Desta forma, partindo-se dessa perspectiva crítica e anti-hegemônica, talvez o primeiro passo a ser dado seja o reconhecimento da existência do racismo enquanto prática discriminatória em nossa país, e ato contínuo, a reprovação social de tais condutas, não mais as concebendo como naturais, adotando-se uma postura antirracista, o que reforça a necessidade de espaço de fala institucionalizados para a abordagem pluralista e consolidação de políticas públicas que contribuam para a erradicação do racismo e das mais diversas formas de discriminação.

Antonio Carlos: Por que há até hoje muitos registros escondidos na nossa história, que interferem diretamente no protagonismo negro distanciando os afrodescendentes do poder político e não conhecendo a sua origem e a sua história a partir da herança cultural negra?
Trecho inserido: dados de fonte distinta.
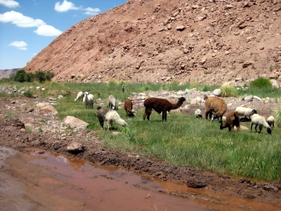 dem zwöften Jahrhundert, die Spanier haben sie niedergemacht), Catarpe, verlassenes Dorf, eine Herde aus Lamas,
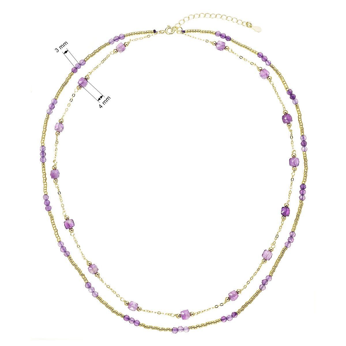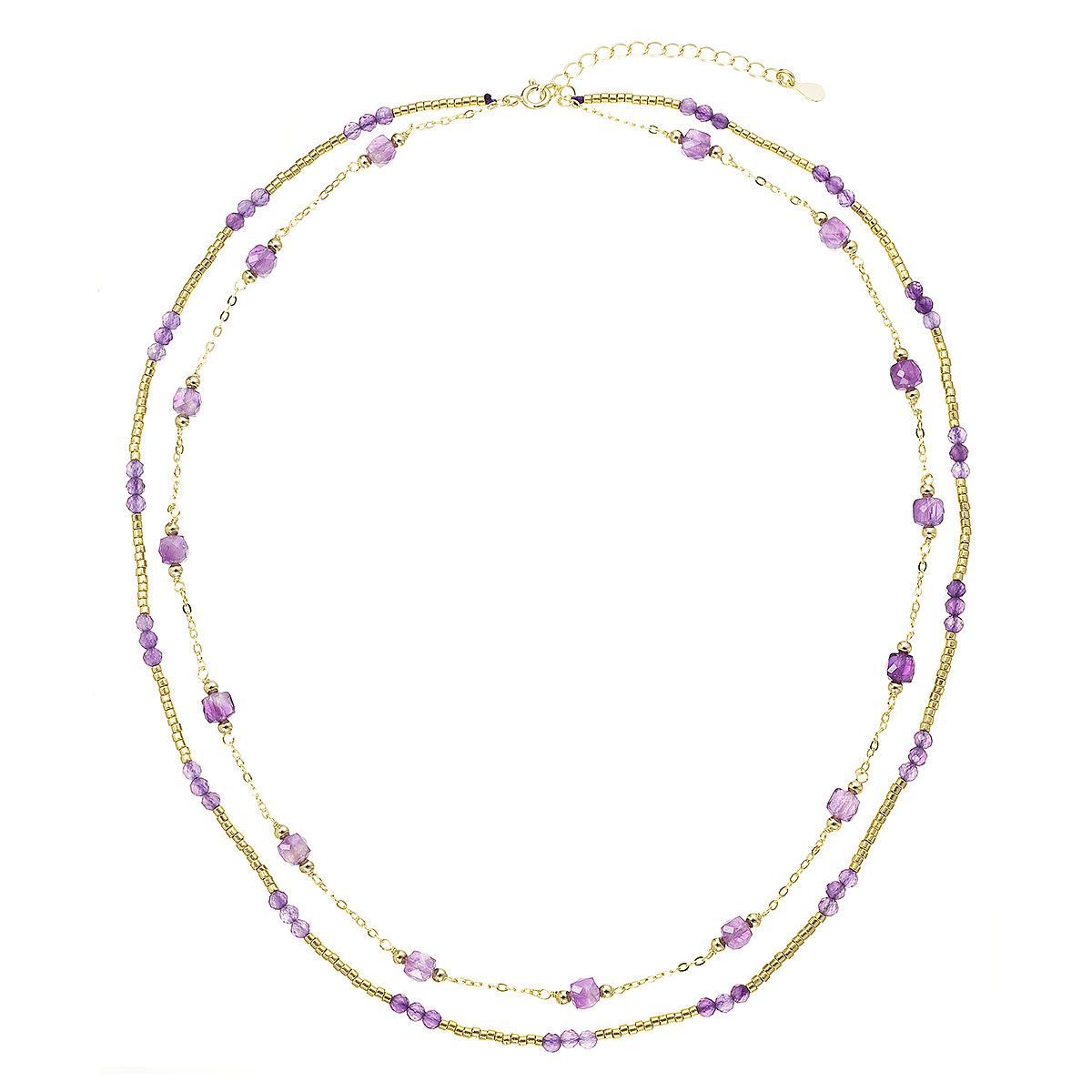 Okouzlující jemný dvouřadý náhrdelník s drobnými přírodními kamínky ametysty působí lehce a elegantně.

Juiz Marco Adriano: Trata-se da influência do discurso hegemônico consolidado durante longos anos, que inferioriza a história e o papel dos negros no processo de construção social do Brasil, e reverbera o ocultamento do racismo, da discriminação e do preconceito racial.
Nessa linha, são valiosas as políticas públicas mais recentes, especialmente no cenário Pós-Constitucional de 1988, que consagraram instrumentos de visibilidade da temática racial, entre elas, o estabelecimento de ações afirmativas, como garantia de justiça social e racial, a proteção a tolerância religiosa e das manifestações das culturas populares afro-brasileiras e das datas comemorativas de alta significação, reconhecendo a importância no processo civilizatório nacional e a inclusão no currículo oficial da Rede de Ensino a obrigatoriedade da temática "História e Cultura Afro-Brasileira", bem como, os Tratados Internacionais de que o Brasil é signatário, entre eles a Declaração Internacional de Direitos Humanos e a Convenção Internacional sobre a Eliminação de Todas as Formas de Discriminação Racial.

Destarte, trata-se de um processo progressivo de ressignificação das contribuições e do protagonismo dos negros na sociedade, e da construção de uma identificação e emancipação a partir de novas perspectivas, que certamente contribuirão para a consolidação de uma política destinada a eliminar a discriminação racial em todas as suas formas.

Nesse cenário, destaca-se a instituição do Comitê de Diversidade do TJMA neste mês de julho de 2020, no qual se comemora o Dia Internacional Nelson Mandella (18/07) e o Dia Internacional da Mulher Negra Latino-Americana e Caribenha e Dia Nacional da Mulher Negra Brasileira (25/07), tendo entre seus objetivos estratégicos promover a conscientização para a necessidade de respeito à diversidade e realizar eventos voltados para as questões referentes à diversidade, visando à erradicação de preconceitos e práticas discriminatórias.